Wir werden in einigen Tagen was zu lesen, zu lachen, zu ärgern bekommen.


----------



## Wegberger (26. März 2018)

*AW: Wir haben eine klare Vorstellung davon, wie wir den Verband weiter entwickeln wol*

Hallo Kolja,



> Das strukturelle Problem beim DAFV läßt sich aber nicht durch einen Fragenkatalog klären.


Richtig .... aber dies könnte ein Einstieg sein um Andere zu sensiblisieren. 

Du als Insider konntest, wie du selber beschreibst über Jahre hinweg, erst erkennen - das du nur geblendet wurdest.

Recht zu haben ... bedeutet nicht die Mehrheit hinter sich zu haben ... Thomas hat eine unglaubliche Arbeit geleistet den Finger in die Wunde des Verbandes zu legen. Aber der nächste Schritt braucht moderatere Töne.


----------



## smithie (26. März 2018)

*AW: Wir haben eine klare Vorstellung davon, wie wir den Verband weiter entwickeln wol*



Wegberger schrieb:


> Wieso - die Thomasianer sind eh auf Linie ... da gibt es kein Zuwachs in der Gegnerschaft gegenüber dem DAFV. Aber dem moderaten, interresierten Angler wird jetzt (und wenn es über einen Nicht-Thomas-Fragenkatalog geht) der DAFV in seiner Ausrichtung dargestellt - und er ist es auch bereit zu lesen.
> 
> Klar wird man wieder zum 1000x die gleichen Fragen und Antworten lesen .... aber die Gruppe der Lesenden hat sich erweitert.

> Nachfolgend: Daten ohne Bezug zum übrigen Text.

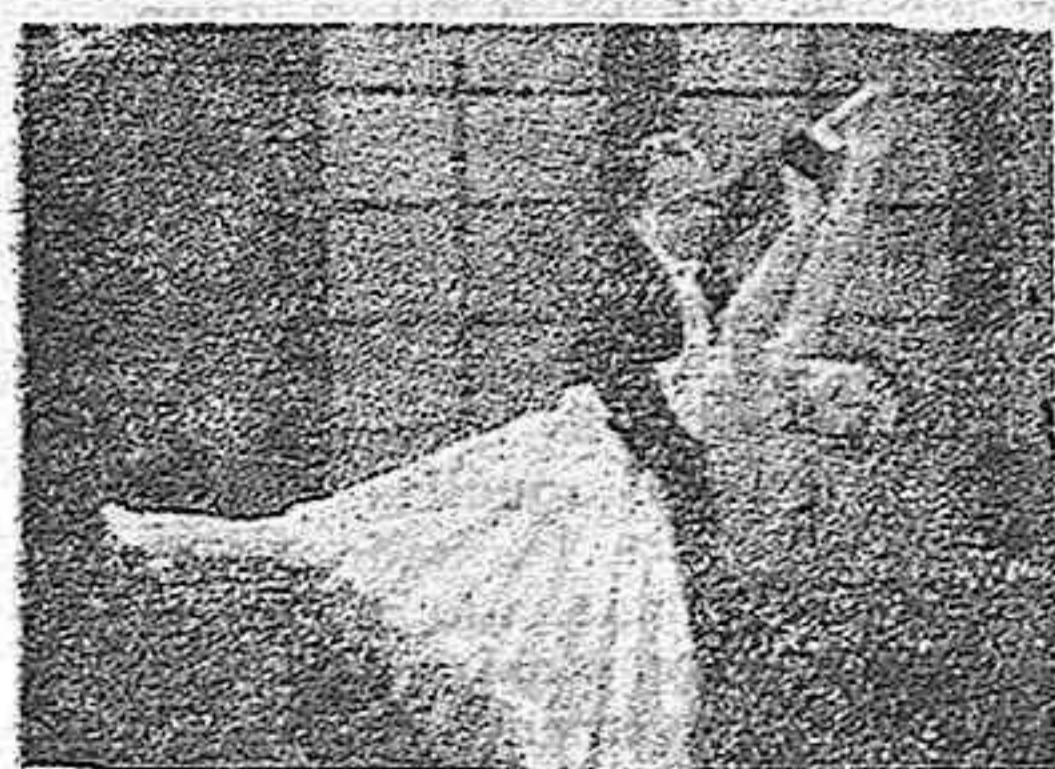
Una escena de la famosa película "Ramona"

Gary Cooper.—"Estos directores son unos bandidos. Qué empeño en acortar las escenas que debo hacer con Lupe Vélez..."

Wie schon geschrieben .... die Beiträge von Anglern hier, die ganz erstaunt waren - das der Verband auf Fragen so einen Mist schreibt - spricht doch Bände.


Ich glaube es ging dabei eher um die Tatsache, dass das AB hier nun auf die gnädige Antwort des DAFV Pressesprechers warten darf (muss), anstatt auf die Thomas'schen, bestens informierten Quellen zurückgreifen zu können.

Ich erwarte ein Statement ohne viel Substanz oder Greifbares.
Man (Daff) hat seine Schuldigkeit getan und wenn dann das Fußvolk nicht verstehen will oder kann, was die "klare Vorstellung davon [ist], wie wir den Verband weiterentwickeln wollen", dann kann man dem Pöbel wirklich nicht mehr helfen...

Schau mer mal, ob ich mich täusche...


----------



## Wegberger (26. März 2018)

*AW: Wir haben eine klare Vorstellung davon, wie wir den Verband weiter entwickeln wol*

Hallo kati,



> Man lese mal Kommentare zum Verbandswesen von Kolja Kreder von vor nicht mal einem Jahr _(sorry Kolja)_ und realisiere, wie er von der Realität geerdet wurde.
> 
> Und ihr meint, ihr könntet mit "diskutieren" etwas verändern, wobei der  andere "Diskutant" nur vorbereitete (und doktörlich geprüfte) Statements  einstellt und nicht mal diskutiert.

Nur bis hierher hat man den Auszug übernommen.